[Action item]: Within the entries below, please retype exactly the lines starting with the line that has "Зокрема, надійшло майже" and going on through the line that has "Antique Pear Cut", but not the pictures.

____ Entries supplied

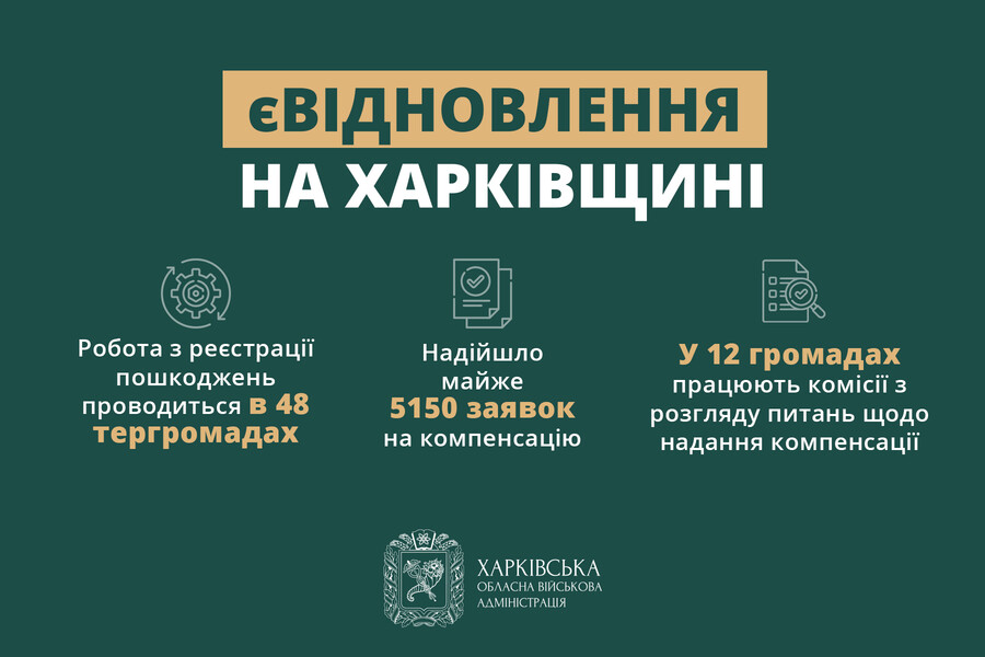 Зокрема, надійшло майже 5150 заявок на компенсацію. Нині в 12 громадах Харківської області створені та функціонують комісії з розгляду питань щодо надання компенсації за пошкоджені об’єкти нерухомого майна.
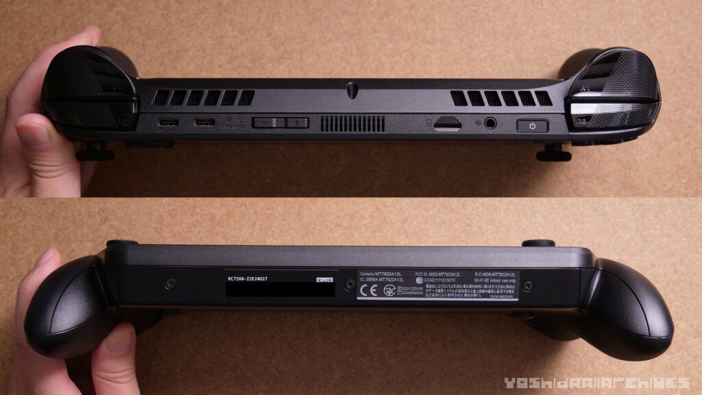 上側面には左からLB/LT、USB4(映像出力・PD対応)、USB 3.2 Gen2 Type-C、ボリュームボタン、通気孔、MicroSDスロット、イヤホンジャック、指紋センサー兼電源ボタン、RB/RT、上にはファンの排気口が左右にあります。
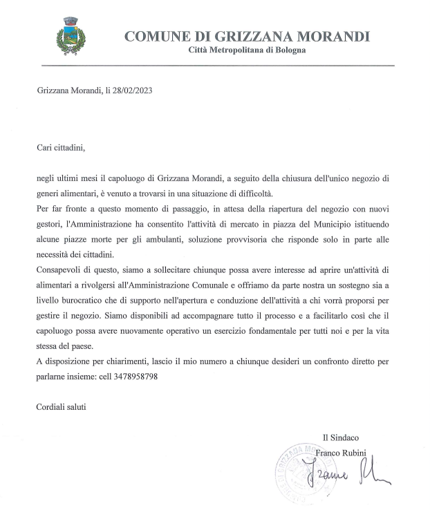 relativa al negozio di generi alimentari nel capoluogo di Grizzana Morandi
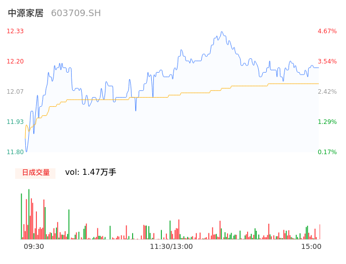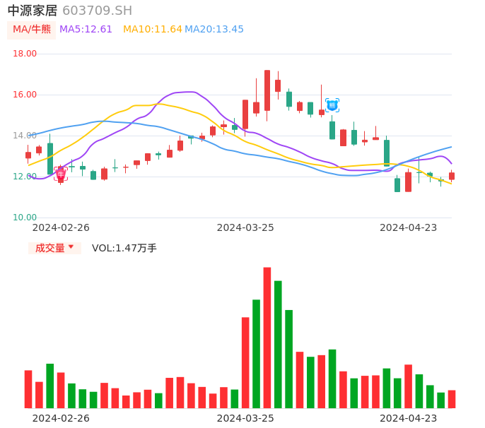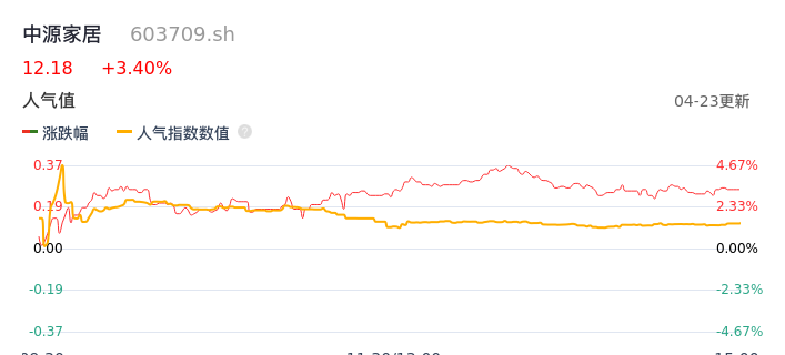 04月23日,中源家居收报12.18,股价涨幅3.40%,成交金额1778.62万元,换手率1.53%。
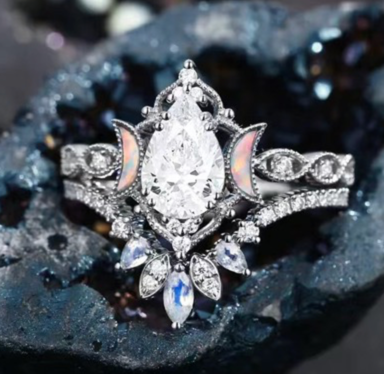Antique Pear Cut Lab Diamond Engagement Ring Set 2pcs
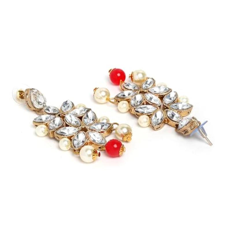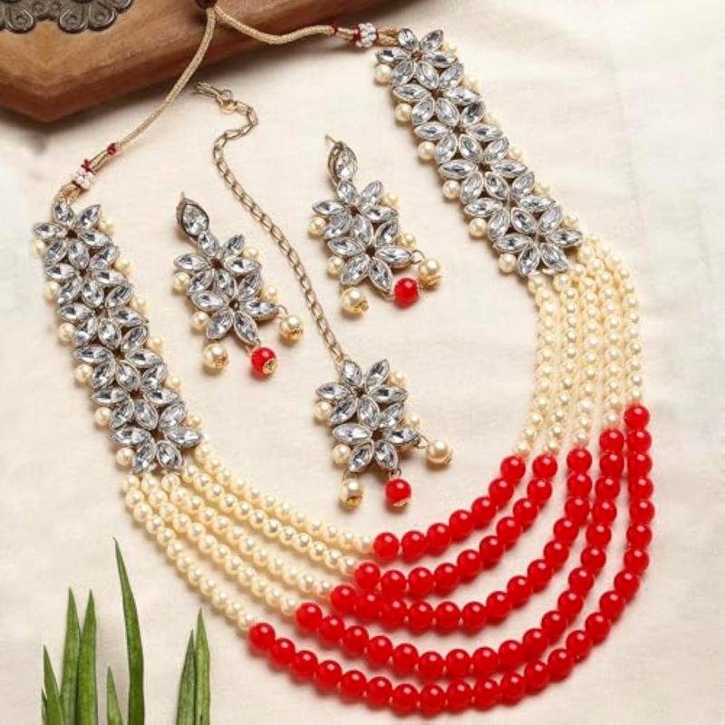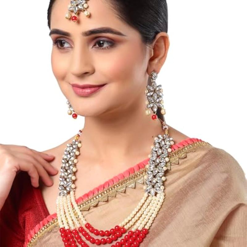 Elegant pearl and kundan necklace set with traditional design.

________
____ Entries supplied

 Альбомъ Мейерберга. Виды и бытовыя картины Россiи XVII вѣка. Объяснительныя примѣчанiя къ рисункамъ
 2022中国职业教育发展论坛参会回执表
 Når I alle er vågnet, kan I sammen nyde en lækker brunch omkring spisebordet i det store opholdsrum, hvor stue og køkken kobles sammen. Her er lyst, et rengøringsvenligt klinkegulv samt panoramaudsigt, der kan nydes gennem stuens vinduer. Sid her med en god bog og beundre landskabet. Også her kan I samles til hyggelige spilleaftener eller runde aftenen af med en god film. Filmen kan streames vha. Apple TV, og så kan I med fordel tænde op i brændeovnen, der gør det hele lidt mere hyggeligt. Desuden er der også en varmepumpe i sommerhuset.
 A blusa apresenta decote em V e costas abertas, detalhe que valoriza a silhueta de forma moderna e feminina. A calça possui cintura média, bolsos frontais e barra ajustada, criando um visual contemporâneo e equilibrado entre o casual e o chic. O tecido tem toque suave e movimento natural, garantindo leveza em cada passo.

________
____ Entries supplied

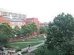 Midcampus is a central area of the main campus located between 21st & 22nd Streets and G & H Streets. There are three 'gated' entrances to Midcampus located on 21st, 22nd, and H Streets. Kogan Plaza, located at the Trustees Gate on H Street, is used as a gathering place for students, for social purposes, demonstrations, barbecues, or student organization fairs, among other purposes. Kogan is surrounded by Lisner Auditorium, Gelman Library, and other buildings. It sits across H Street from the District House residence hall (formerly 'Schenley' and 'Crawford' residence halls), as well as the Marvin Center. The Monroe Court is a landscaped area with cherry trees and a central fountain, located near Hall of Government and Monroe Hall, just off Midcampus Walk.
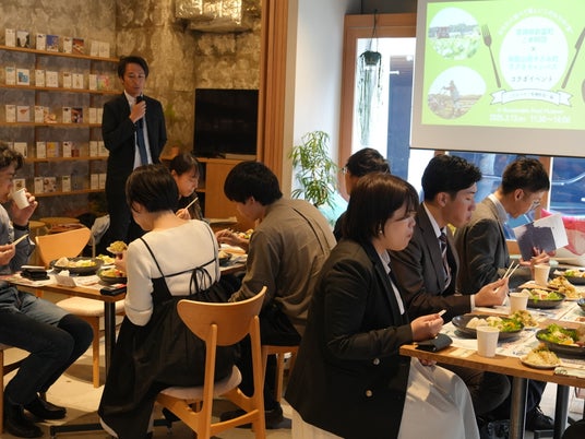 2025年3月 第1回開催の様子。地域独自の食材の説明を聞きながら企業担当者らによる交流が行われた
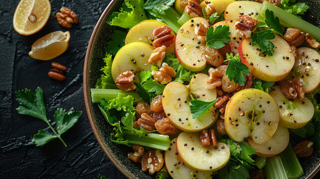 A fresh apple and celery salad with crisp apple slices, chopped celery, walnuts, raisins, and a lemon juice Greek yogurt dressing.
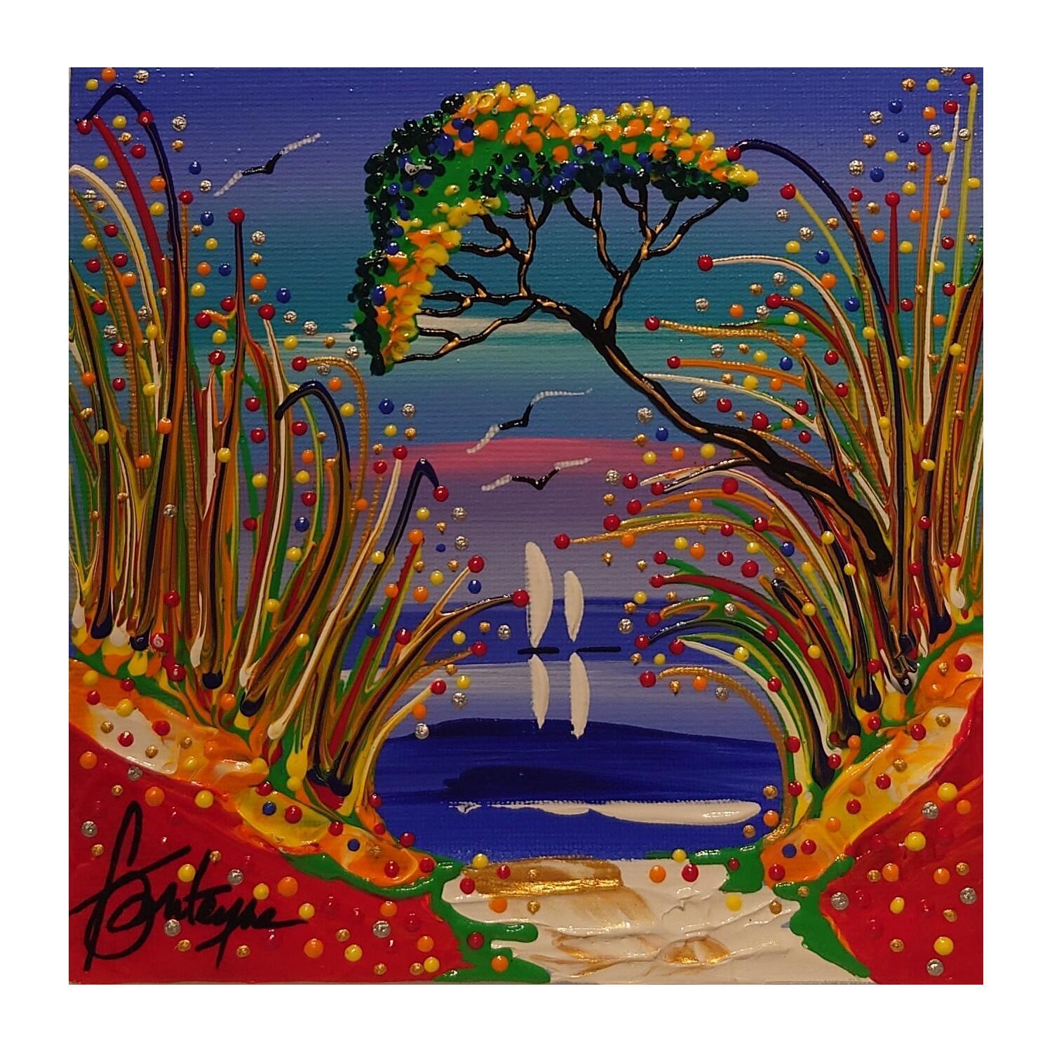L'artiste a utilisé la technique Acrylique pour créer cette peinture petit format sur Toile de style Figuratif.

________

[Solution to the exercise]:
 Зокрема, надійшло майже 5150 заявок на компенсацію. Нині в 12 громадах Харківської області створені та функціонують комісії з розгляду питань щодо надання компенсації за пошкоджені об’єкти нерухомого майна.
 上側面には左からLB/LT、USB4(映像出力・PD対応)、USB 3.2 Gen2 Type-C、ボリュームボタン、通気孔、MicroSDスロット、イヤホンジャック、指紋センサー兼電源ボタン、RB/RT、上にはファンの排気口が左右にあります。
 relativa al negozio di generi alimentari nel capoluogo di Grizzana Morandi
 04月23日,中源家居收报12.18,股价涨幅3.40%,成交金额1778.62万元,换手率1.53%。
Antique Pear Cut Lab Diamond Engagement Ring Set 2pcs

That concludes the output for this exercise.